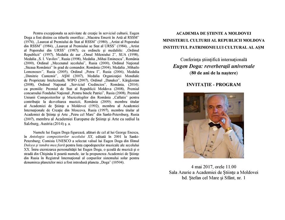 „Cea mai mare sărbătoare și cea mai de suflet este atunci când ești în jurul prietenilor, cu prietenii, cu oamenii dragi. Vă mulțumesc că sunteți”, acesta a fost gândul transmis de compozitorul-academician Eugen Doga onoratului public în debutul Conferinței ştiinţifice internaţionale „Reverberaţii  universale”, pe care Academia de Științe a Moldovei a organizat-o, la 4 mai 2017, cu prilejul aniversării a 80-a a maestrului.
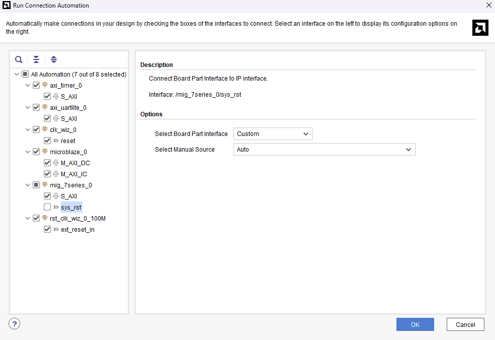 Run “Connection Automation” and select all the pins except “sys_rst” in “mig_7series_0“.
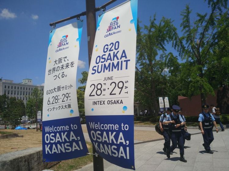 入夏的大阪,驕陽燦爛,綠意蔥籠,海風輕拂路人。隨著峰會臨近,在大阪主要景區(qū)、酒店、商廈及干道,均可以看到帶有二十國集團領導人大阪峰會元素的標牌、海報和條幅。
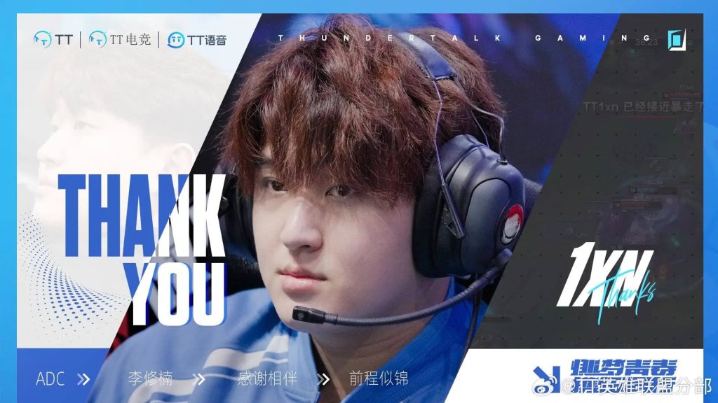 经双方友好沟通与协商,原TT英雄联盟分部AD选手李修楠(ID: 1xn)断开连接,即日起正式离队。
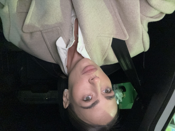 A woman with brown hair and green eyes is pictured from a low angle, wearing a light-colored coat and a white shirt. She has on a seatbelt and appears to be sitting in a car. Her face is the primary focus, with a neutral expression. An earring is visible on her left ear. A green container is visible in the background.
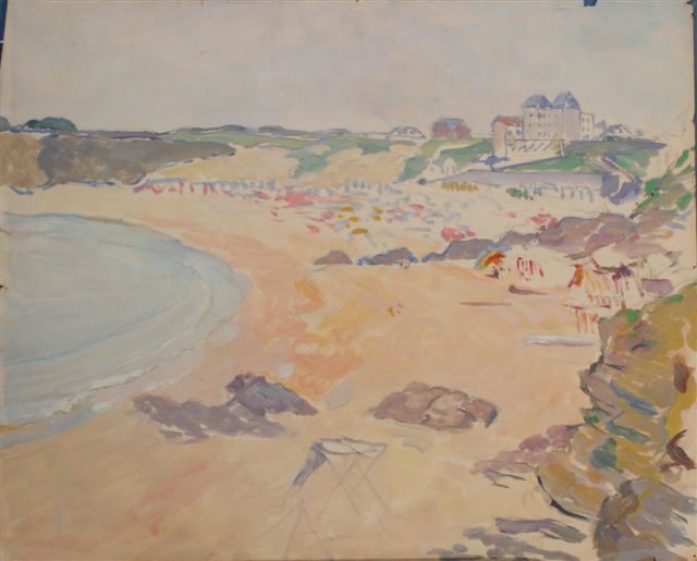Andrée LAVIEILLE. La plage du Pouldu. Huile sur papier. Signée au dos. 50 x 61 cm.
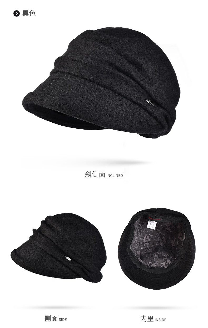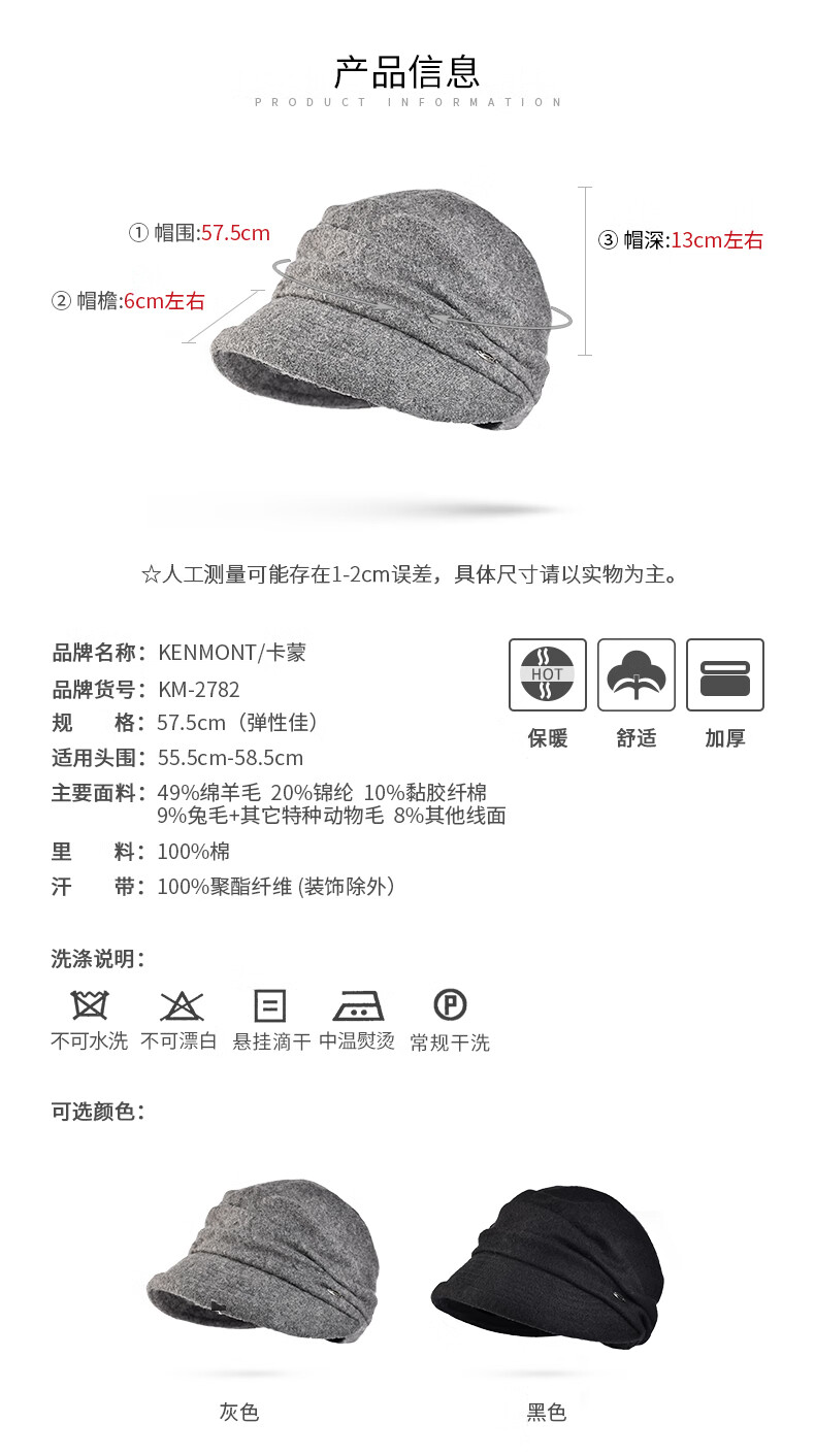 Kenmont Autumn and Winter British Retro Woolen Beret Women's Warm Wool Hat Korean Style Trendy Color Versatile Baotou Hat Black M 57.5c (Adjustable)

» What you are asked to do
Leave out all pictures and output each line exactly, from the top of the records through the line that holds "A woman with".

» Solution for this exercise
 „Cea mai mare sărbătoare și cea mai de suflet este atunci când ești în jurul prietenilor, cu prietenii, cu oamenii dragi. Vă mulțumesc că sunteți”, acesta a fost gândul transmis de compozitorul-academician Eugen Doga onoratului public în debutul Conferinței ştiinţifice internaţionale „Reverberaţii  universale”, pe care Academia de Științe a Moldovei a organizat-o, la 4 mai 2017, cu prilejul aniversării a 80-a a maestrului.
 Run “Connection Automation” and select all the pins except “sys_rst” in “mig_7series_0“.
 入夏的大阪,驕陽燦爛,綠意蔥籠,海風輕拂路人。隨著峰會臨近,在大阪主要景區(qū)、酒店、商廈及干道,均可以看到帶有二十國集團領導人大阪峰會元素的標牌、海報和條幅。
 经双方友好沟通与协商,原TT英雄联盟分部AD选手李修楠(ID: 1xn)断开连接,即日起正式离队。
 A woman with brown hair and green eyes is pictured from a low angle, wearing a light-colored coat and a white shirt. She has on a seatbelt and appears to be sitting in a car. Her face is the primary focus, with a neutral expression. An earring is visible on her left ear. A green container is visible in the background.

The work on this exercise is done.